[Opening Material shown section]

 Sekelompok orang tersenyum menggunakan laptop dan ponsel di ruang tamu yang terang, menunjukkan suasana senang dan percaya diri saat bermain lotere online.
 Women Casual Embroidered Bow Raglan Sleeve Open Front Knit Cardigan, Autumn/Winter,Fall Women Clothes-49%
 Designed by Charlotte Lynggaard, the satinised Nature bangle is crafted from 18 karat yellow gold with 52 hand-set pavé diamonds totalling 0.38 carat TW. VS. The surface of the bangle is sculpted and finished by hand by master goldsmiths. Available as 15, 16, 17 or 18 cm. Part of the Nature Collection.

[Closing Material shown section]
[Opening Material shown section]

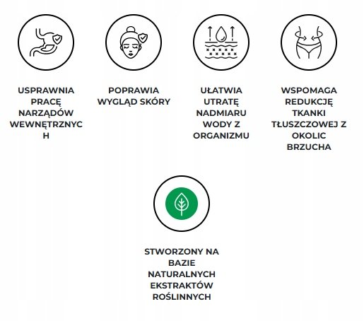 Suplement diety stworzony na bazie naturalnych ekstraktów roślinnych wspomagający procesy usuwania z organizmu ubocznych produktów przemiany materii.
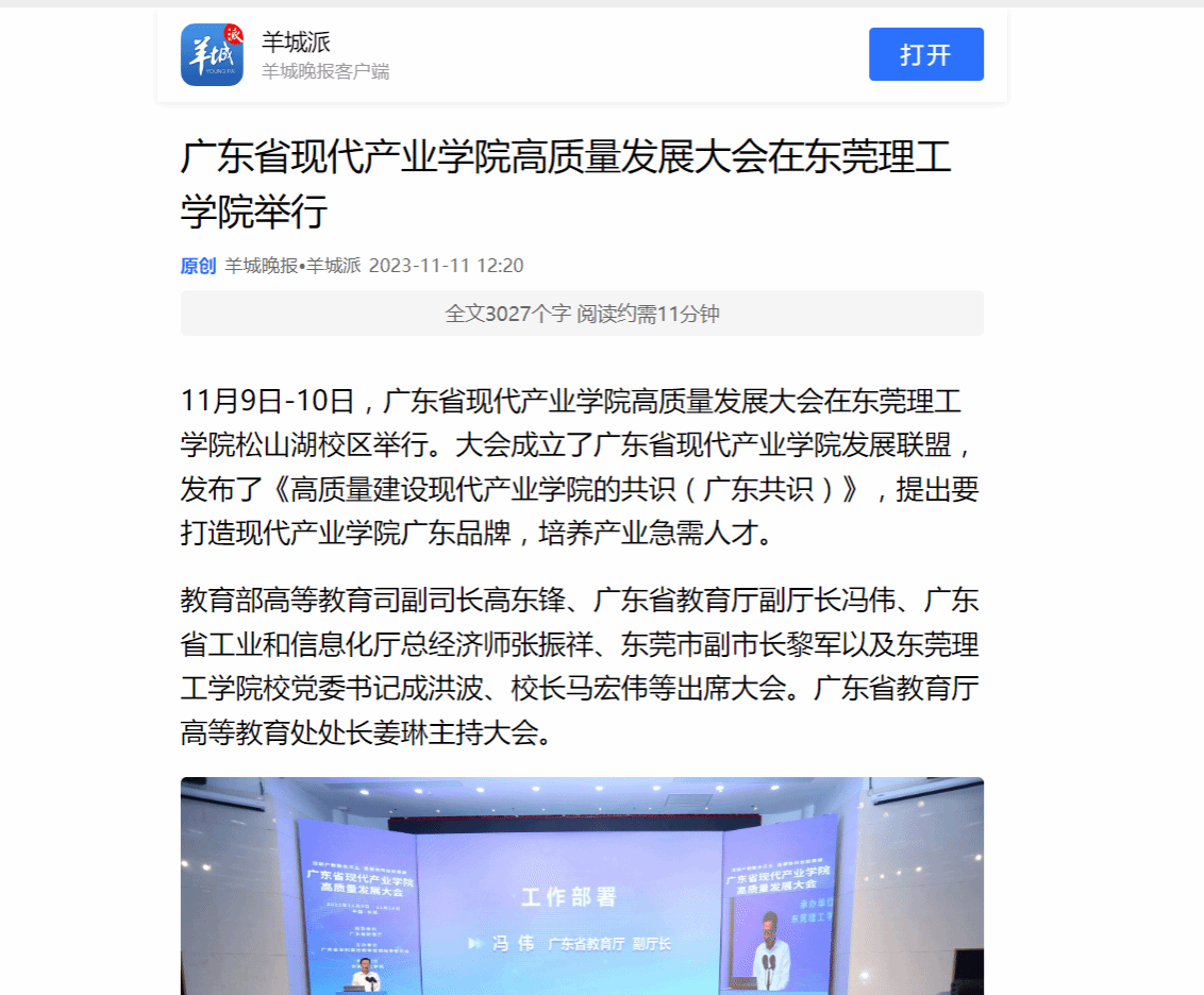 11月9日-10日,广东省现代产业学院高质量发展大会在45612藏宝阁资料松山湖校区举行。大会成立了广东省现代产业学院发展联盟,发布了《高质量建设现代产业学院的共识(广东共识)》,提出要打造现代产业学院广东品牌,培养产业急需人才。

[Closing Material shown section]

The lines above from the one with "Sekelompok orang tersenyum" through the one with "Women Casual Embroidered" are to be duplicated exactly, ends included, with nothing added.

 Sekelompok orang tersenyum menggunakan laptop dan ponsel di ruang tamu yang terang, menunjukkan suasana senang dan percaya diri saat bermain lotere online.
 Women Casual Embroidered Bow Raglan Sleeve Open Front Knit Cardigan, Autumn/Winter,Fall Women Clothes-49%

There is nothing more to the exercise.